Oil Gains After Falling Into Bear Market as U.S. Supply Rises


These translations are done via Google Translate

June 22, 2017

(Bloomberg) 

Oil prices recovered after falling into a bear market amid speculation rising U.S. output will blunt OPEC-led efforts to trim a global glut.

Futures climbed 0.5 percent in New York, but still traded below $43 a barrel. U.S. oil production increased to the highest since August 2015, according to a report from the Energy Information Administration. Crude and gasoline stockpiles declined last week. Brent in London closed Wednesday more than 20 percent below its January peak, also entering a bear market.

Oil in New York has retreated to a 10-month low amid concerns that rising global supply will offset production cuts from the Organization of Petroleum Exporting Countries and its partners including Russia. Reaching a consensus on further output cuts will be difficult, according to Iran’s Oil Minister Bijan Namdar Zanganeh. On Tuesday, a technical committee of OPEC and non-OPEC members is said to have discussed the increasing production in Libya and Nigeria.

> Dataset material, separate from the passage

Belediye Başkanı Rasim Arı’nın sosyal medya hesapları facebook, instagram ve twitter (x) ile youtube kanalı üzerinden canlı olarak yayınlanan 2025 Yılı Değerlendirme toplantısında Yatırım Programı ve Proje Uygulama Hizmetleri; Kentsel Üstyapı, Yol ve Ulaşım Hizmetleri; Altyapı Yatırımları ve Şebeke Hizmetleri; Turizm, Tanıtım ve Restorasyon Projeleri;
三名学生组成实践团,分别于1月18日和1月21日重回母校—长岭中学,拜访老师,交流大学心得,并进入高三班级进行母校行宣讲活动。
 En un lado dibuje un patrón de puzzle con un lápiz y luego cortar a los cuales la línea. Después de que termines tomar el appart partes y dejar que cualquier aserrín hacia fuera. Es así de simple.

“The risk sentiment in general is turning a bit,” Jens Pedersen, analyst at Danske Bank A/S said. “The oil market will likely focus on where the breakeven is for U.S. shale oil producers and whether we will begin to see a drop in the rig count in response to these lower oil prices.”

West Texas Intermediate for August delivery rose 21 cents to $42.74 a barrel on the New York Mercantile Exchange at 8:18 a.m. local time. Total volume traded was about 11 percent above the 100-day average.

Fluor

Brent for August settlement was 36 cents higher at $45.18 a barrel on the London-based ICE Futures Europe exchange. Prices lost $1.20, or 2.6 percent, to $44.82 on Wednesday, the lowest close since Nov. 14. The global benchmark crude traded at a premium of $2.41 to WTI.

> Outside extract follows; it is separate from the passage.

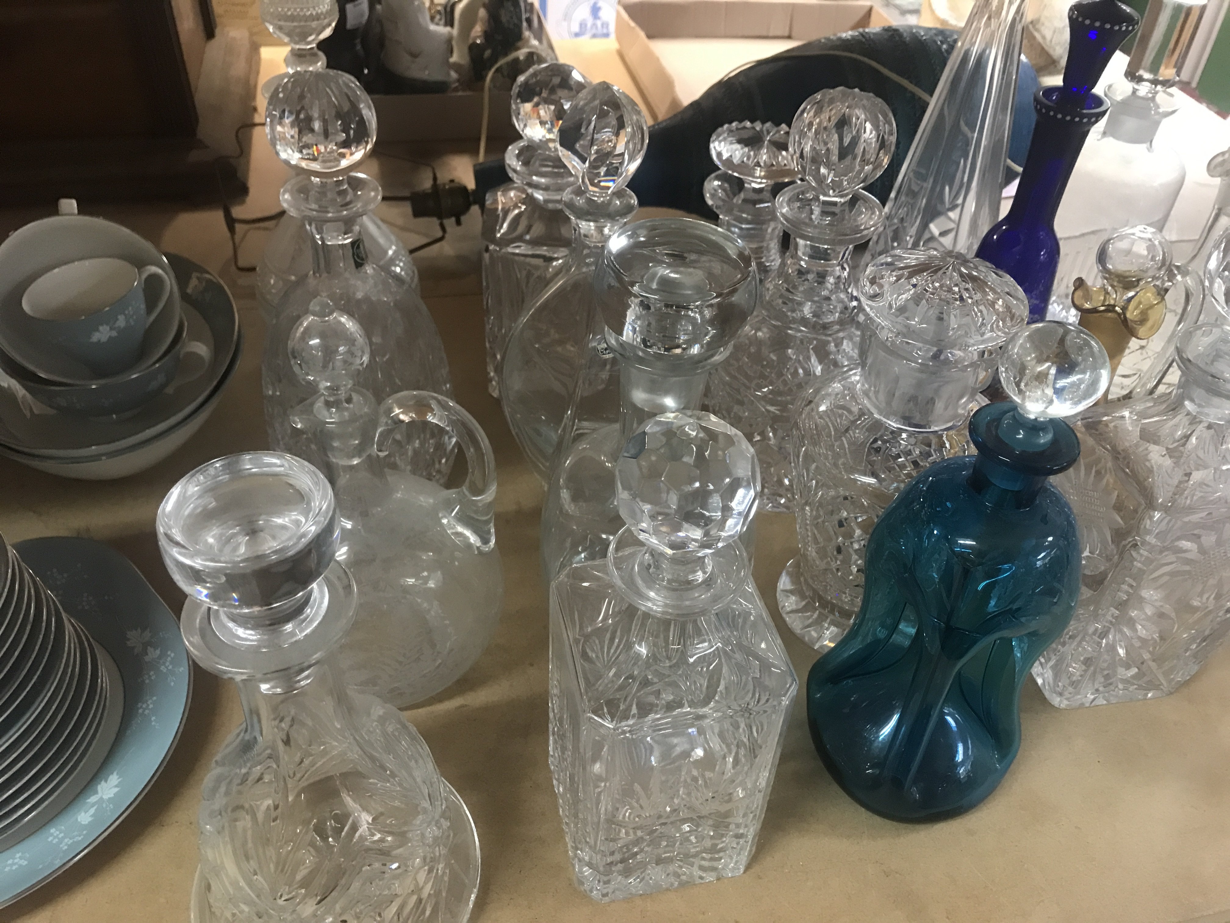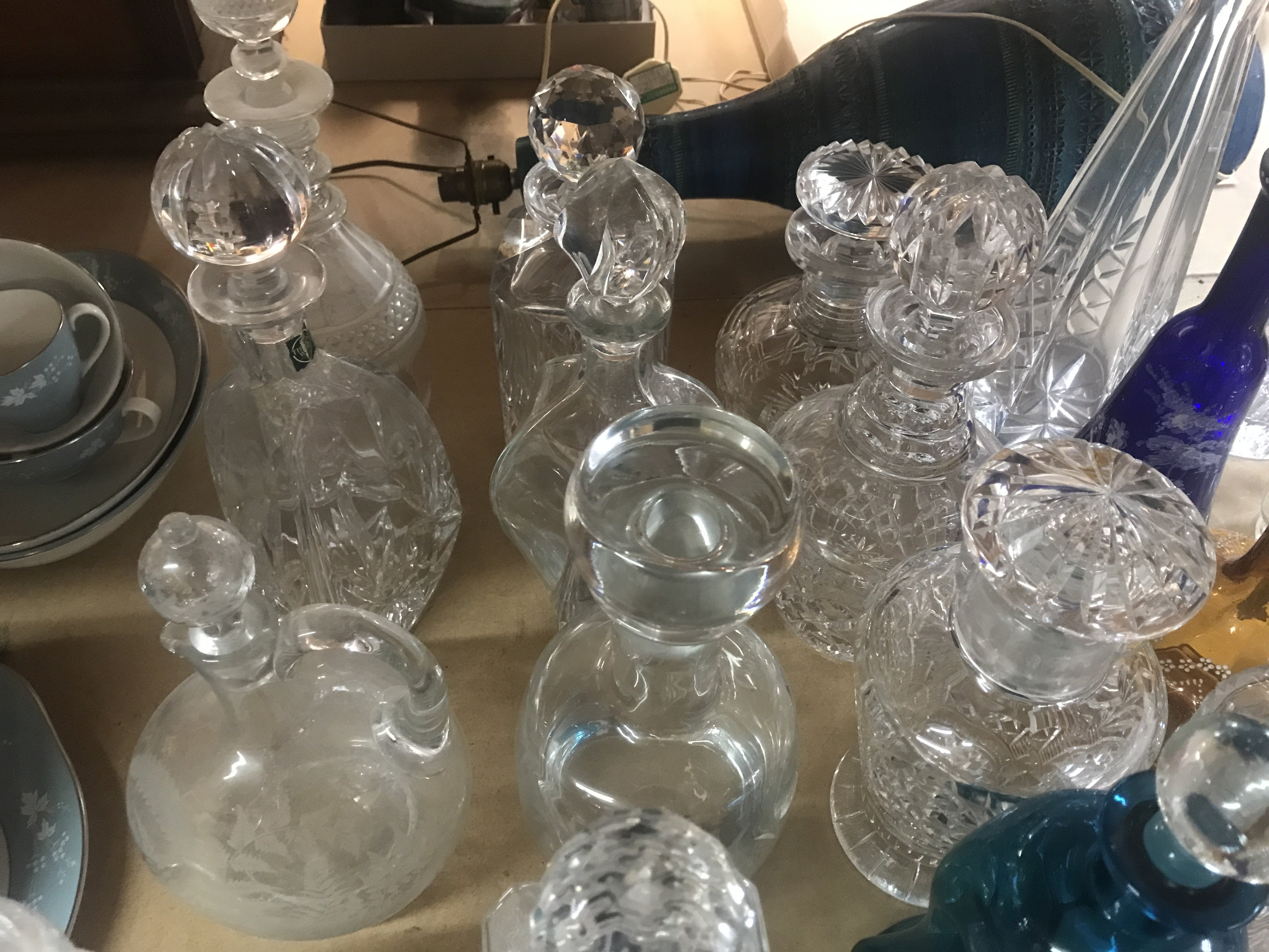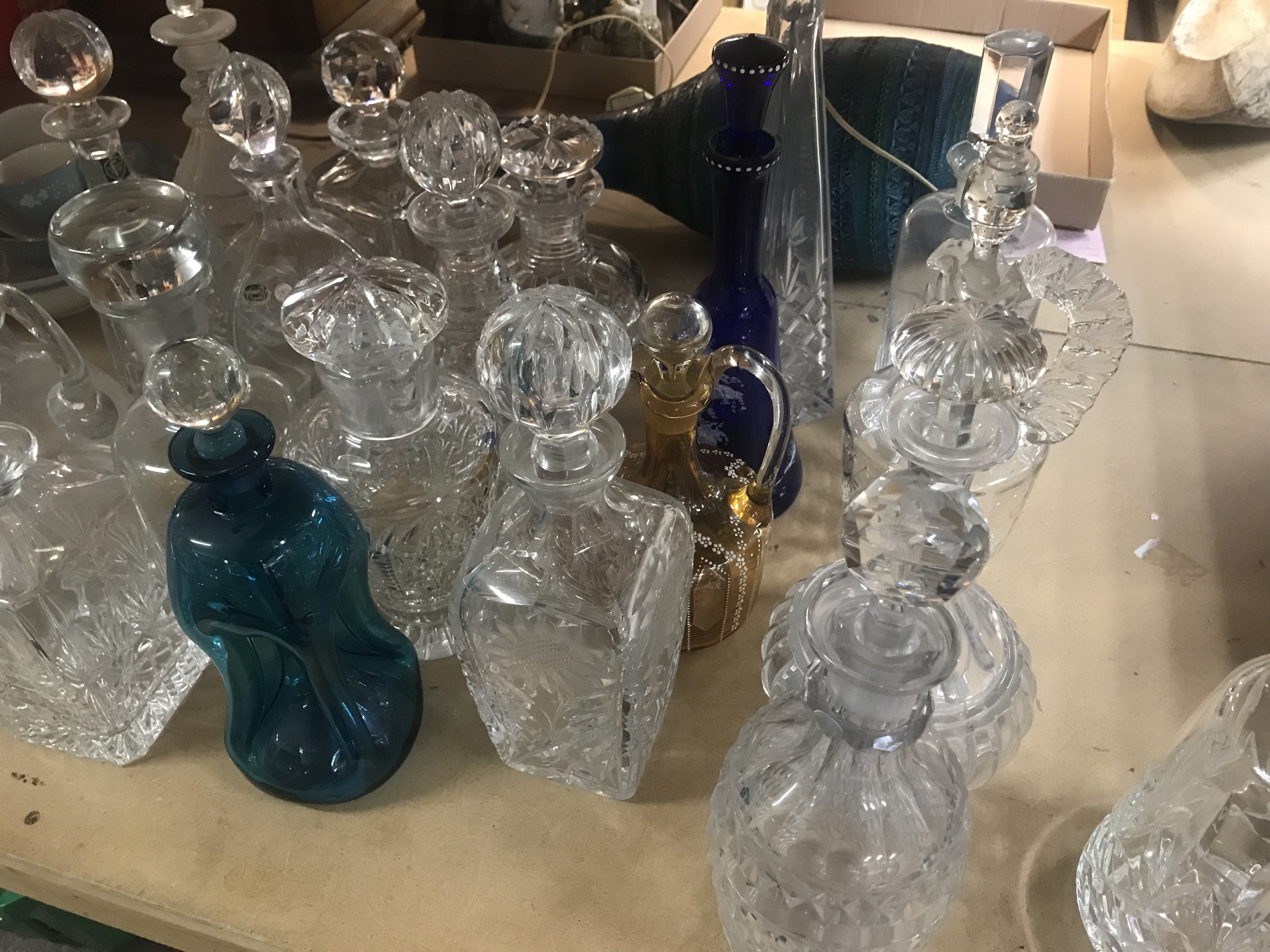 A collection of decanters including some cut glass and coloured glass examples. Approximately 21 decanters.
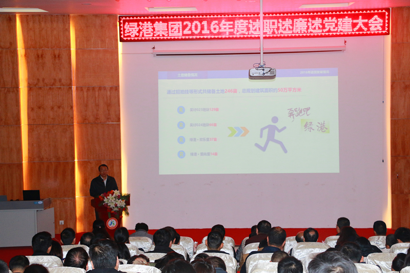 2017年1月14日,綠港集團召開2016年度述職述廉述黨建工作會議,集團全體領導班子、集團總部全體員工及子公司中層干部、職工代表共150余人參加了大會,經(jīng)開區(qū)紀工委派駐國有公司紀檢組組長李云岳,黨群工作局組織科科長向國澤出席會議。

Libya is pumping the most oil in four years, an official at the National Oil Corp. said earlier this week, while in Nigeria a major export terminal restarted after a 15-month halt caused by sabotage. Kuwait’s oil minister Issam Almarzooq asked producers “to do more” to help OPEC’s agreement succeed.

U.S. oil production rose by 20,000 barrels a day last week to 9.35 million, the EIA reported Wednesday. While crude stockpiles slid by 2.45 million barrels to 509.1 million, a steeper decline than forecast in a Bloomberg survey, inventories remain about 100 million barrels above the five-year average.

Oil-market news:

The gain in U.S. output is more than OPEC expected and is contributing to the decline in crude prices, Iran’s Zanganeh said Wednesday on state radio. OPEC needs to cut a further 700,000 barrels a day to boost oil to $50 a barrel, FGE’s Fereidun Fesharaki said. Energy markets need to brace for more assertive Saudi Arabian foreign policy that could threaten regional stability in the heart of the global oil industry after Mohammed bin Salman’s appointment as crown prince.